In the years that followed, Tiny and I sat and passed all our exams and moved up the ladder. CID, plain clothes, working now out of the new HQ at Pacific Quay. Tiny and I were still pals, though me and Mel hardly ever saw him and Sheila as a couple. Sheila still didn’t like me much, and the feeling was still mutual. And I’m sure she disapproved of Mel.
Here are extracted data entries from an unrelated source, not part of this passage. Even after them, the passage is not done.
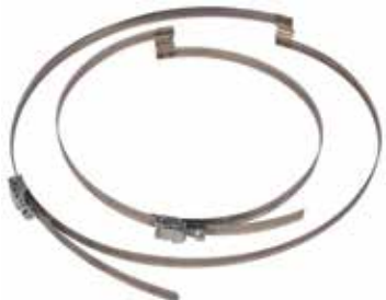
Hose Clamps 6" - 9"
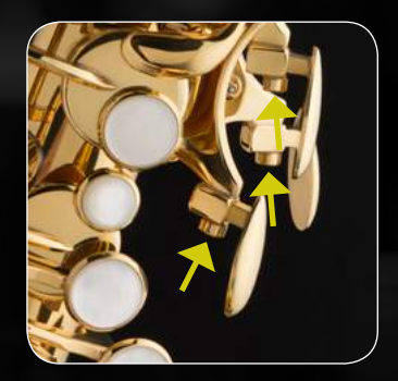
The adjustable palm keys can be tailored to the size of the player's hands, providing maximum comfort. (Pictured: alto saxophone)
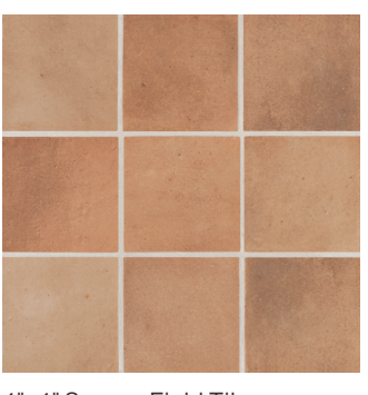
4"x4" Square Field Tile (Available in All Colors)
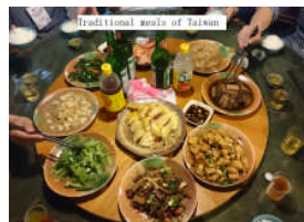
Traditional meals of Taiwan
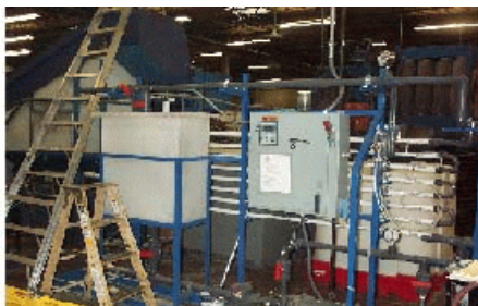
Werner Company UF system on deburring operation
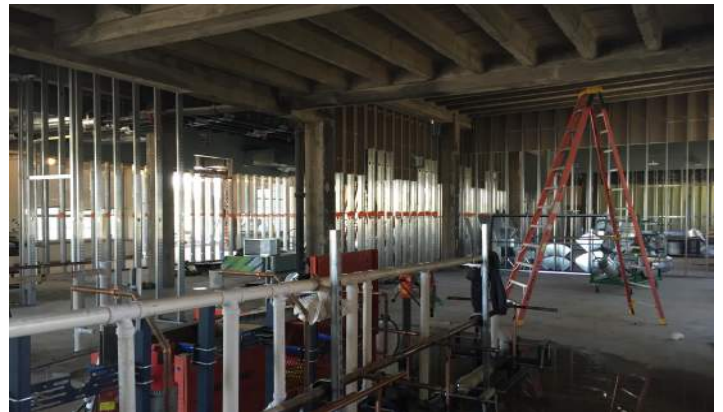
Interior Framing 3rd Floor Area F
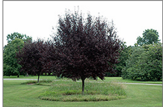
Krauter Vesuvius Plum

This tree should only be grown in full sunlight. It does best in average to evenly moist conditions, but will not tolerate standing water. It is not particular as to soil type or pH. It is highly tolerant of urban pollution and will even thrive in inner city environments. This is a selected variety of a species not originally from North America.
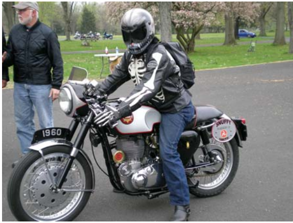
... another nicely modified Gold Star with a pumper carb and a Munch 41s front brake
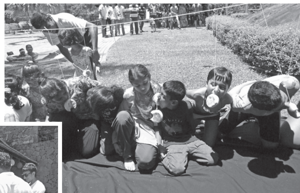
Children partaking in the bun eating game
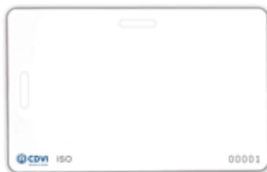
ISO25 Printable ISO Card
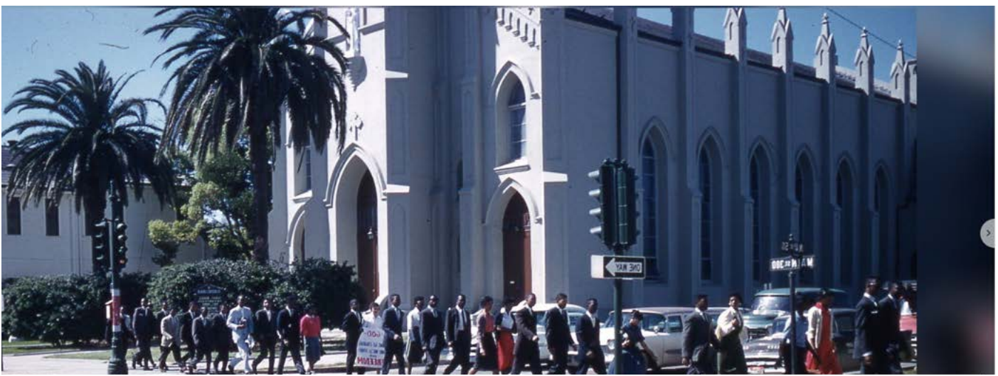
1960s. Calls for racial equality led to demonstrations and protests in downtown Baton Rouge.

February 1st student sit-in protests organized by Black college students in Greensboro, North Carolina.
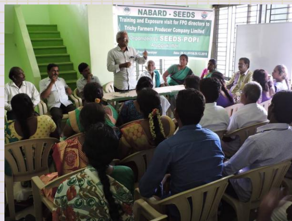
POPI training programme at Trichy FPO
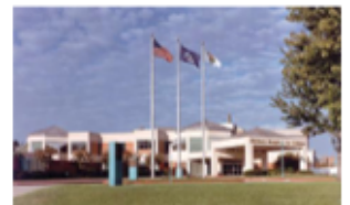
Shreveport, LA ●●● 318-222-5704
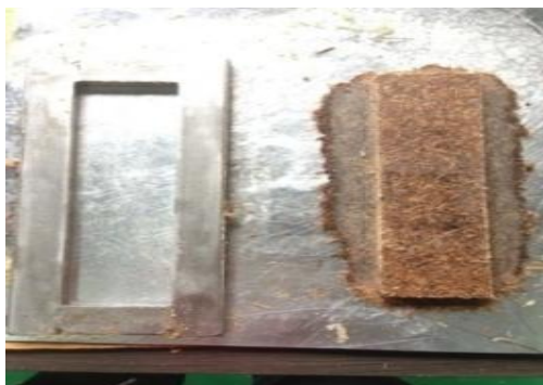
Fig. 1: Specimen of particleboard

The mixture of these materials is incorporated into the mold with different sizes. The zinc sheets were placed at the bottom and the top of the mold. Then, the sample of particleboard was fabricated using a Hot press machine with the molding temperatures, pressing times and molding pressures were, respectively, 160°C, 5 min and 60 Pa. Fig. 1 below shows the process of producing the sample of particleboard.
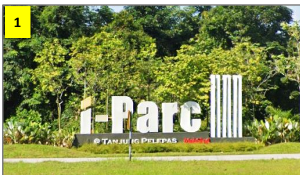
I-PARC @ TANJUNG PELEPAS (500M)
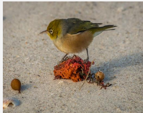
Silvereve on Seaweed
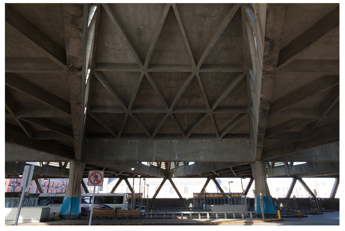
Figure 5: George Washington Bridge Bus Station, New York, designed by Pier Luigi Nervi (1961).

Roman classical architecture features again in the study of Marvin Trachtenberg, which interprets anew Louis Kahn's design for the New Yale Art Gallery (1951–53). Trachtenberg reads the project's huge, closed brick façade as a modernist interpretation of imperial architecture, harnessing, in spirit, the resilience of its formal characteristics and its symbolic associations. More provocatively, Trachtenberg argues that the ponderous Gallery façade was designed to appear physically defensive and resilient. As a visual 'Fire Wall' running along the edge of the Yale campus, Kahn's Gallery both guarded and separated the elite culture of the university from the city that surrounded it. In this case, the conceptual associations implicated in the idea of 'resilience' lead to a novel historiographical
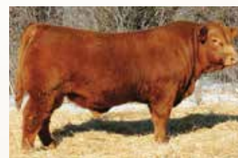
TREF COMMANDER 766C
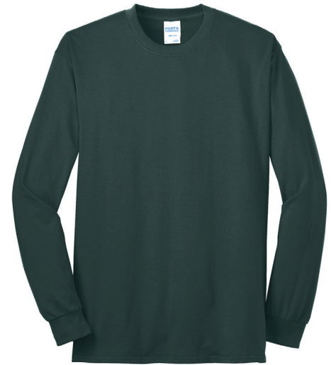
PORT & COMPANY® Long Sleeve Core Blend Tee PC55LS | Adult Sizes: S—6XL | 19 Colors
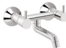
Wall Mixer Non-Telephonic

Where do the years go? I mean, it seemed like no time since me and Mel were meeting secretly at the Cafe21. And now Addie was in her teens, all hormonal and awkward and doing her best to piss me off at every turn. I think, maybe, she was closer to her mum in those years. But we were a family, even if Mel never did get pregnant again, and there was a lot of love there. We’d moved into a red sandstone semi in Pollokshields by then, and Addie had not long turned seventeen the day I logged in at Pacific Quay to find Tiny sitting at my desk in the detectives’ office. He was swivelling back and forth in my chair, legs akimbo, sucking on the rim of a disposable coffee cup.
In my usual polite way, I told him to fuck off out of my chair. But he didn’t budge, just sat there staring at me thoughtfully. Then he said, ‘You heard?’
‘Heard what?’
He hesitated for just a moment. ‘Lee Alexander Jardine is out on licence.’
Chapter Sixteen
A muffled thud from somewhere deep in the hotel startled him.
The fire he had lit earlier was a faint glow as the last of its embers turned to ash. The snow outside was still blowing hard against the window, even wetter now, and running down it in sleety rivulets. A few moments before, he had forced himself to drain his glass. There was no real escape in the drink, he knew that. There never had been. He had learned long ago that no matter how much you drank, everything that made you seek refuge in it was still there in the morning, when you woke with a splitting head and a mouth so dry it was an effort to peel your tongue off the roof of it. But as his old history teacher had been fond of saying, the only thing we learn from history is that we never learn from history.